Global sea levels could rise at a significantly higher rate than had been previously predicted, a new study, published this week in the journal Nature, revealed.
The findings, which came from research led by glaciologist Hamish Pritchard of the British Antarctic Survey (BAS), show that the western side of Antarctica is shedding 23 feet of ice sheet each year, from a mixture of causes, most of which are man-made.
Using the NASA ICESat satellite, which recorded 4.5 million measurements over five years, the BAS discovered that 20 of Antarctica's 54 ice shelves across Antarctica were actually being melted from below, by warm water, rather than warmer air caused by global warming. They believe that changes in wind currents pushed warmer water towards the ice shelves.
This means that a larger amount of ice is melting in the area than was previously thought.
The cause of the wind change itself, Pritchard said, was due to man-made greenhouse gases and the hole in the ozone layer, as well as natural weather variation.
Pritchard said: “In most places in Antarctica, we can’t explain the ice-shelf thinning through melting of snow at the surface, so it has to be driven by warm ocean currents melting them from below."
“We’ve looked all around the Antarctic coast and we see a clear pattern: in all the cases where ice shelves are being melted by the ocean, the inland glaciers are speeding up. It’s this glacier acceleration that’s responsible for most of the increase in ice loss from the continent and this is contributing to sea-level rise.”
Pritchard said that the team was surprised by how sensitive the glaciers seem to be. He explained that some shelves were thinning by a number of metres per year, thus adding billions of tons of ice into the oceans.

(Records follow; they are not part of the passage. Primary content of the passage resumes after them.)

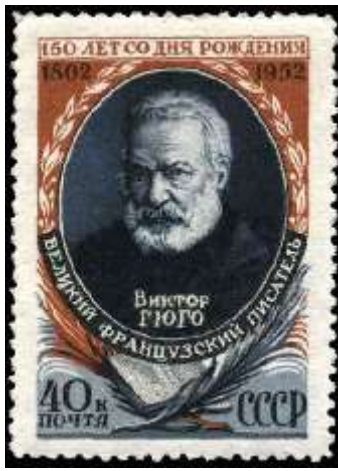
Портрет Виктора Гюго
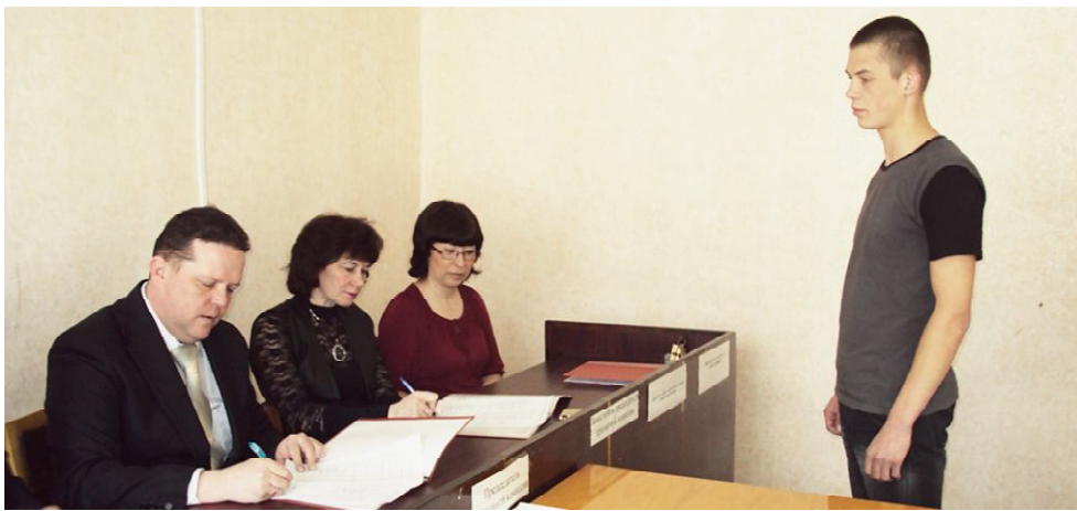
Идёт заседание призывной комиссии.

Материал подготовлен при поддержке управления информационной политики Правительства Вологодской области.
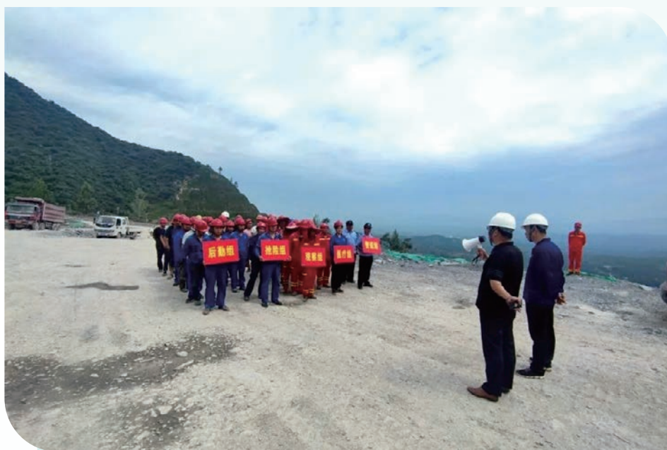
南召公司組織開展礦山綜合應急演練

生產單位在工作場所的高危地方設置有明顯危險作業告知卡例如在受噪聲、粉塵等影響職業健康安全區域張貼警示告知牌，告知員工工作程序中存在的點，提醒員工注意相關消除危險的操作和設施。生產單位每月又組織進行安全綜合大檢查活動，檢查排查各類安全隱患，並限期整改。
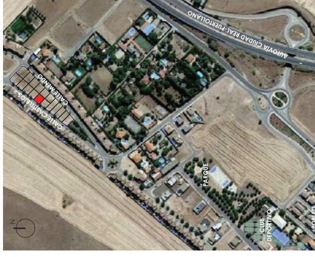
VIVIENDA CASTILLEJOS 7 8

ESCALA GRÁFICA PLANOS DISTRIBUCIÓN (metros)

"It means that we can lose an awful lot of ice to the sea without ever having summers warm enough to make the snow on top of the glaciers melt - the oceans can do all the work from below."
The report concludes that what is currently happening in Antarctica, according to their study, "may have already triggered a period of unstable glacier retreat".
The area which the BAS studied, the Western Antarctic Ice Sheet, would add 16 feet to the global see level if it melted, scientists predict, but it would take decades for that to happen.
Two experts in the field, Waleed Abdalati of NASA and Ted Scambos of the National Snow and Ice Data Center told the Associated Press that the study's findings "make an important advance" and will change the way scientists think about the dangers of melting in Antarctica.